Тебе скажут: «чао, белла», если ты девочка. Тебя обязательно спросят о футболе, если ты мальчик. Даже если ты не говоришь на итальянском, тебе поулыбаются и покивают.

А дальше начнется рабочий день.

Но этим утром уже была фокачча, и кофе, и прогулка, и улыбки, — и день полетел воздушным змеем. Летит? Сверкает? Так ведь этого же мы и хотели.

Кой черт занес меня на эти галеры? Как я оказалась в Генуе

Всю жизнь я танцевала ритуальные танцы с разными подходящими и не подходящими мне партнерами. Один раз пойду, другой откажусь, в прошлый раз я была в джинсах, на следующий нужно провокационное платье — значит, надо срочно изобрести повод, чтобы такое платье надеть. Я ему уже два раза звонила сама — теперь надо ждать его звонка! (Хорошо, что сейчас есть мобильные, — а каково было «ждать звонка» у обычного домашнего телефона?)

На днях Сандро, мечтательно улыбаясь, вспоминал, как я была одета, когда мы с ним работали в Москве на фестивале.

— Ты имеешь в виду, когда мы познакомились, Сашенька?

— Ну да, когда познакомились, и потом, когда мы работали — сколько? Десять дней? Или больше? Я помню, у тебя был небесно-голубой пиджак, такой длинный, и светлые джинсы.

Сначала я вспомнила свой любимый голубой пиджак. А потом с ужасом осознала, что при встрече с мужчиной моей жизни я действительно — десять — дней — подряд — ходила — в одном — и том же. Только майки меняла. Наверное. Совершенно не помню.

А помню я только, с каким трудом отклеивала себя от постели по утрам после четырех или пяти часов сна, как повторяла себе, что, когда закончится этот проект, потом будет еще всего один, самый простой, и всё закончится, и можно будет выспаться и хотя бы два-три дня ничего не делать.

Помню все бесконечные перипетии с итальянской труппой. Спектакль был огромный, очень сложный; играть его должны были в театре Российской армии — единственном театре в стране, который подчиняется не Министерству культуры, а Министерству обороны, и вместо директора — генерал, а по многокилометровым коридорам бегают строем солдатики срочной службы.

Помню, что я была насмерть простужена, разговаривала как слон, которому наступили на хобот, и кашляла, как Чехов в Ялте.

Отлично помню всю русскую команду — про фестивальную работу в театре вообще стоило бы писать отдельно, правда, для этого пришлось бы воскресить жанр соцреализма, где все либо хорошие, либо очень хорошие, всё умеют, ничего не боятся и горой стоят за своих…
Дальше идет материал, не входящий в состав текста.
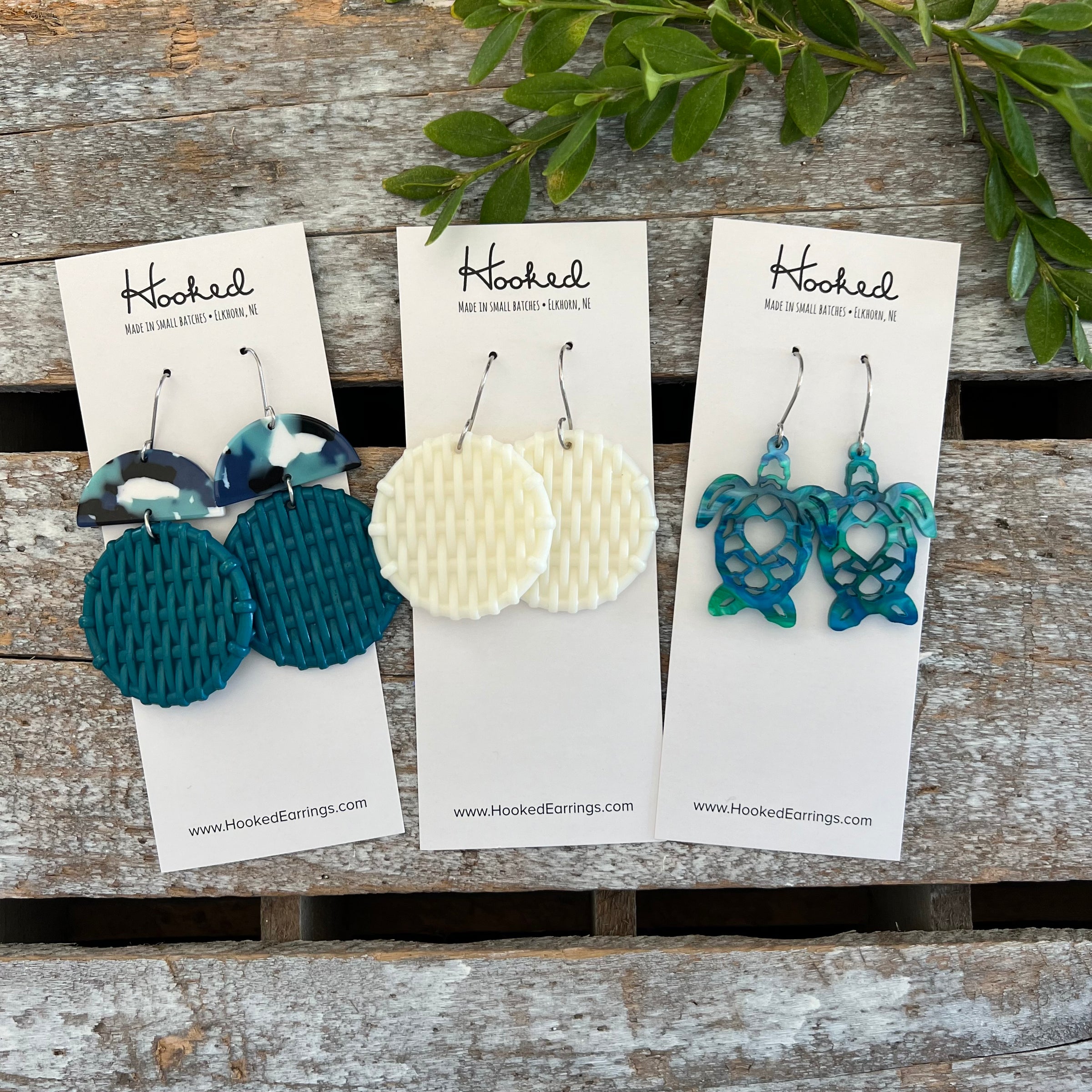 Sleek, shiny, and super fun acrylic earrings, totally waterproof! Shades of blue, green, and silver are marbled together in a tortoise shell fashion; each earring is unique so the colors and placement will vary. These earrings are just over 2 inches long, including the hook.

А вот итальянцев не помню совершенно. Во-первых, их было 40 человек, а во-вторых, никто из итальянской труппы, кроме технического директора Сандро, не говорил по-английски. Я быстро выучила по-итальянски «спасибо», «пожалуйста», «налево», «направо», «здравствуйте» и «до свиданья» — так же, как выучивала на любом другом языке для любой другой театральной труппы, но они так и остались для меня плохо организованной толпой немтырей, устраивающих забастовки из-за отсутствия пива и вина на обед, скандалящих из-за туалетной бумаги и не понимающих, что график их работы вписан в график работы гигантской машины фестиваля, где параллельно идут 8–10 спектаклей в разных театрах Москвы. Самое интересное, что всех их я теперь хорошо знаю, почти всех люблю — каждого по-своему, но соединить этих отдельных людей, которых я знаю и люблю, с теми, составлявшими галдящую и постоянно чего-то требующую толпу, решительно не могу.
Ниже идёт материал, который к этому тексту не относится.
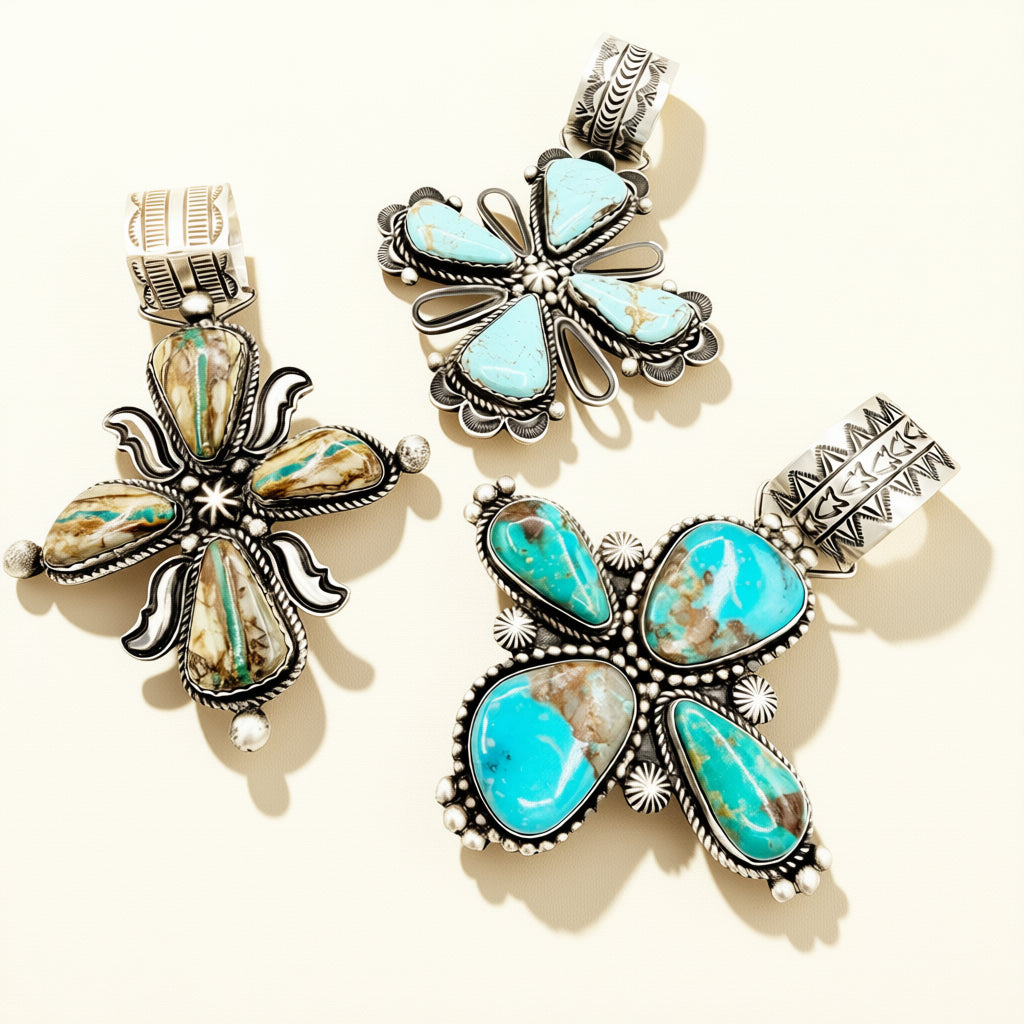 Handcrafted by Alex Sanchez, these sterling silver pendants feature turquoise from the Four Corners region. Each pendant measures approximately 4 inches in length.

К Сандро я кидалась за разъяснениями всякий раз после того, как переводчики мне транслировали какое-нибудь новое, заведомо невыполнимое требование. Три дня у нас ушло на то, чтобы договориться, что все запросы будут поступать сразу к Сандро, а он уже будет передавать их мне. На четвертый день работы я наконец-то, с великодушного разрешения переводчиков, смогла добрать пару часов сна и приехать на площадку к 10 часам утра. Помню, с каким наслаждением я завтракала при солнечном свете, а не в потемках, благословляя русских переводчиков и итальянского технического директора. Позавтракав не спеша, я приехала на площадку, обошла, как мороз-воевода, свои владения, и только собралась найти какой-нибудь укромный уголок, чтобы закапать и запшикать себе в нос и в горло лекарства, которые позволяли мне говорить членораздельно, как эти самые великодушные переводчики напали на меня в темном коридоре, прижали к стенке и грозно спросили, сказала ли я Сашеньке — они с самого первого дня стали называть Сандро Сашенькой — что у меня в наличии имеются сын и муж.
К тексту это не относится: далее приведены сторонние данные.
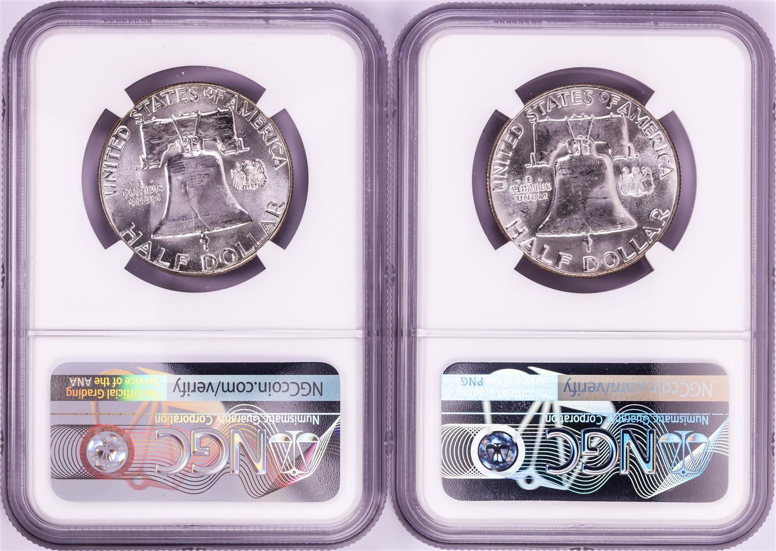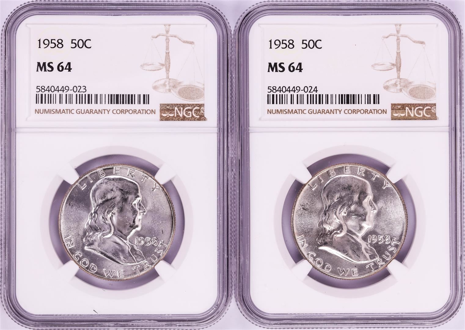One Lot of (2) 1958 Franklin Half Dollar Coins NGC MS64. NGC Certified.

— Какой буж? Кобу сказать? Вы это о чёб? — прогундела я.

— А ты скажи, скажи, — еще строже приказали переводчики и подтолкнули меня к Сандро, который как раз вывернул из-за угла, чтобы озадачить меня то ли арендой сварочного аппарата, то ли покупкой золотых рыбок.

И дальше я опять ничего не помню, кроме работы, — потому что на работе мы ни о чем не говорили, кроме работы!

Вот я всё время и думаю: нормальный я после этого человек или нет?

Самое обидное, что про него, про моего любимого и ненаглядного мужа теперешнего, я тоже ничего не помню.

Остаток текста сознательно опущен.